I nodded, my mind already racing through connections. "The killer needs five. That's the rule. After five, he moves to a new ring. New victims, but always closer to the center. He's guiding us — but only if we survive long enough to see the pattern."
Alex flipped open his tablet. "Then we should map every historical set of five, as far back as we can. Look for groupings. Clusters."
"Yes," I agreed. "If we can predict the next spiral, maybe we can catch him before he finishes the sixth cycle."
Alex got to work. I returned to Erica's notes.
One phrase kept jumping out at me.
THE SMILE IS THE GATE.
What the hell did that mean?
Gate to what?
Was it symbolic? Or was the killer obsessed with some kind of mythical "truth"? Something he believed could be "opened" through pain and pattern?
Or worse… did he believe the spiral gave him control?
I walked to the board and looked at the smile ball sketches again.
Each was slightly different. Wider grins. Thinner lines. Changing colors.
Almost like stages.
Each one leading closer to something.
I drew a quick mockup of the spiral we'd seen in Warehouse 11. Then I layered the five known locations over it — Marjorie, Victor, Jacob, Unknown Girl, Erica.
They formed a perfect spiral arc, pointing directly toward the city's center: Old District Zero.
The ruins of the first settlement before the modern city was built. Long-abandoned. Closed off after the great fire twenty years ago.
We'd found the center.
"This is it," I said to Alex. "He's guiding us there. Always has been."

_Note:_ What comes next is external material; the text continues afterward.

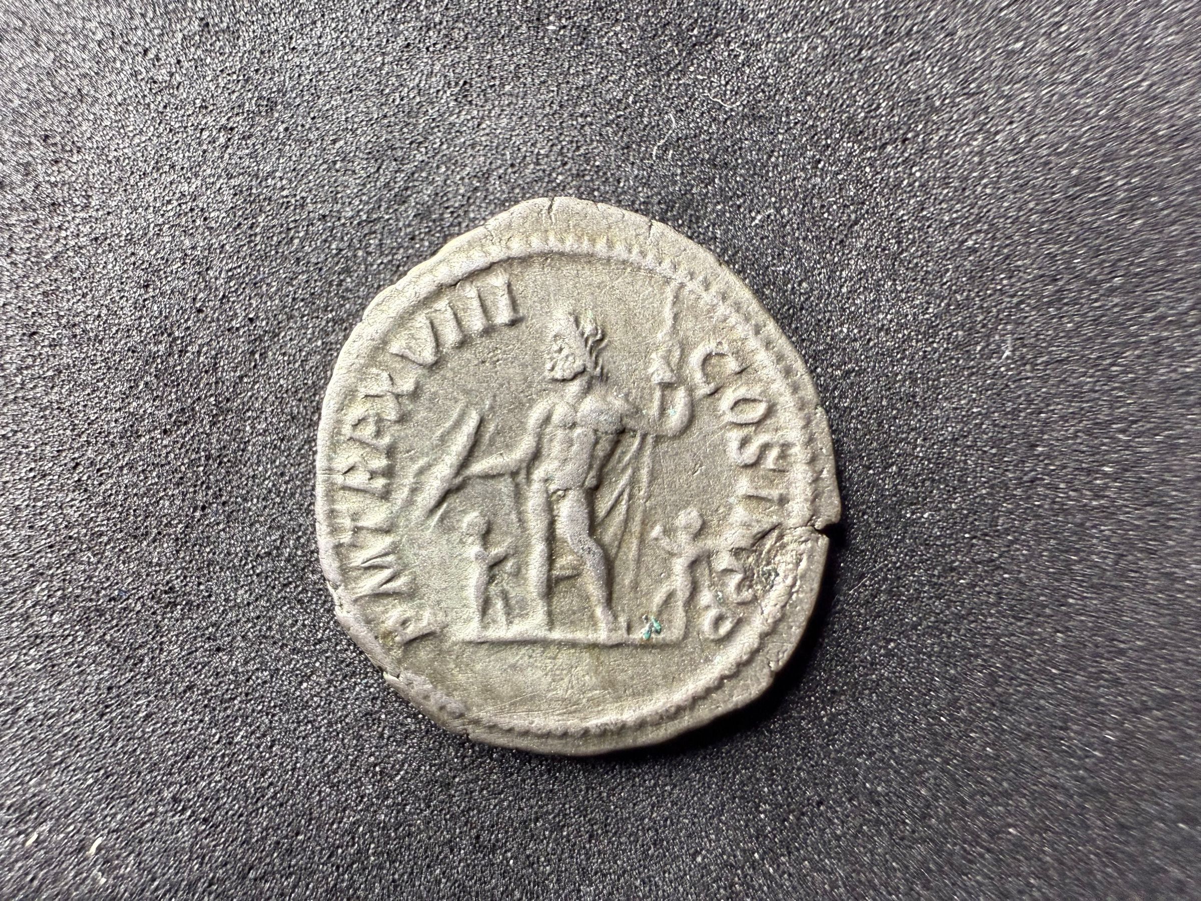 Pontifex Maximus Tribunica Potestate 18 Consul 3 Pater Patriae (Chief Priest, holder of tribunican power for the 18th time, Consul for the 3rd time)

Alex looked up. "District Zero? That place is sealed."
"Exactly," I said. "No one goes in… which makes it the perfect stage for the sixth cycle."
His face was unreadable for a moment. Then he nodded. "Then that's where we go."
It was getting dark. Rain tapped against the precinct windows like fingers.
The spiral wasn't finished.
And something was waiting at the center.